■ Provided records:
===============

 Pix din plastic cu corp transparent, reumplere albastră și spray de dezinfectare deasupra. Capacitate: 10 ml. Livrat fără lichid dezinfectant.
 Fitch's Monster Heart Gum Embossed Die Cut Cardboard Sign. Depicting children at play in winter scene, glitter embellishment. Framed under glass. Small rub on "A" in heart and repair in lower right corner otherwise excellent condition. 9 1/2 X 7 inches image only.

===============

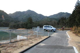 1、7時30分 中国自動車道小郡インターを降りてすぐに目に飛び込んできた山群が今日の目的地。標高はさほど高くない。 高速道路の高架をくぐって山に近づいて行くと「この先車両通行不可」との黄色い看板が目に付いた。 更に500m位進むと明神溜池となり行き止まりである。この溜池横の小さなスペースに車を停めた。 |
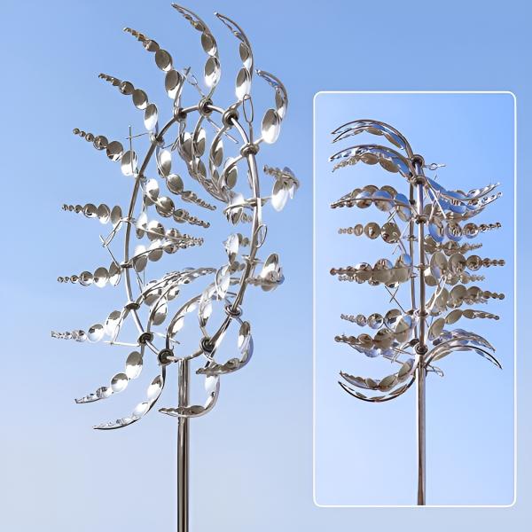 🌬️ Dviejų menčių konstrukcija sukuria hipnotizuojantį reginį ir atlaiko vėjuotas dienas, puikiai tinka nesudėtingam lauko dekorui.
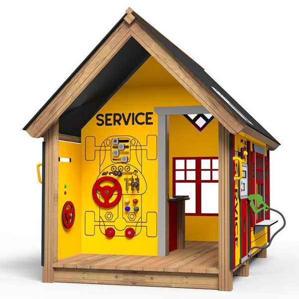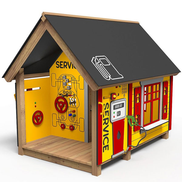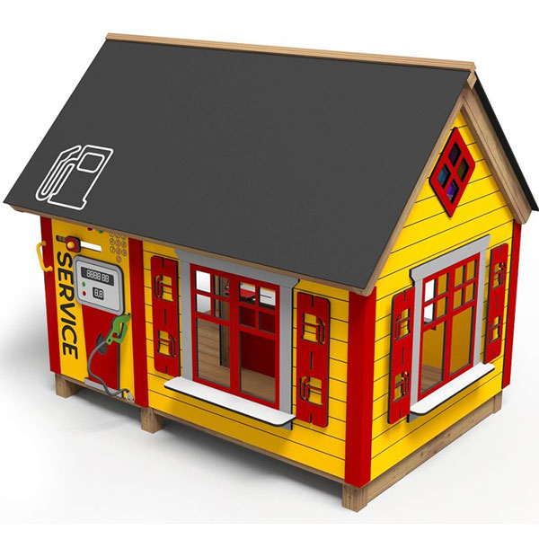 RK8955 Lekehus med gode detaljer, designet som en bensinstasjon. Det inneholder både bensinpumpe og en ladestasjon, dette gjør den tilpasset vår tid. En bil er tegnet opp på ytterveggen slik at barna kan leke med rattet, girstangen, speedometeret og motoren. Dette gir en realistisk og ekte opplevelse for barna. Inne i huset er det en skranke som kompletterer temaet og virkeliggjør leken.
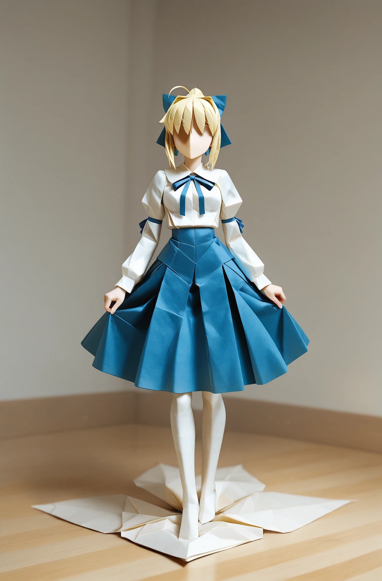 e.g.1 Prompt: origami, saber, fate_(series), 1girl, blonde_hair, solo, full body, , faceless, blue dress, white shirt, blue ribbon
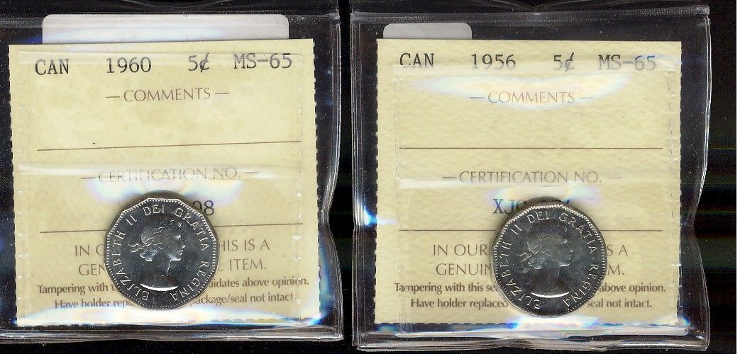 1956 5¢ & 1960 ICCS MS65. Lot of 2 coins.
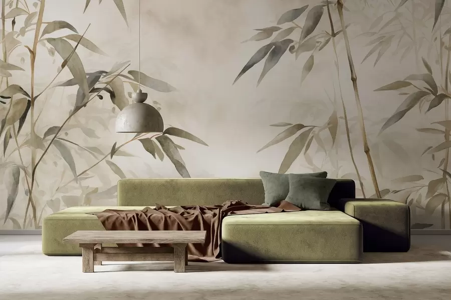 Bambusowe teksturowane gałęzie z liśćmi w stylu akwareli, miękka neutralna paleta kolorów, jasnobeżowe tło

===============

Please give again the lines above between the line holding "Pix din plastic" and the line holding "Fitch's Monster Heart", inclusive, exactly as they are and with nothing added.

 Pix din plastic cu corp transparent, reumplere albastră și spray de dezinfectare deasupra. Capacitate: 10 ml. Livrat fără lichid dezinfectant.
 Fitch's Monster Heart Gum Embossed Die Cut Cardboard Sign. Depicting children at play in winter scene, glitter embellishment. Framed under glass. Small rub on "A" in heart and repair in lower right corner otherwise excellent condition. 9 1/2 X 7 inches image only.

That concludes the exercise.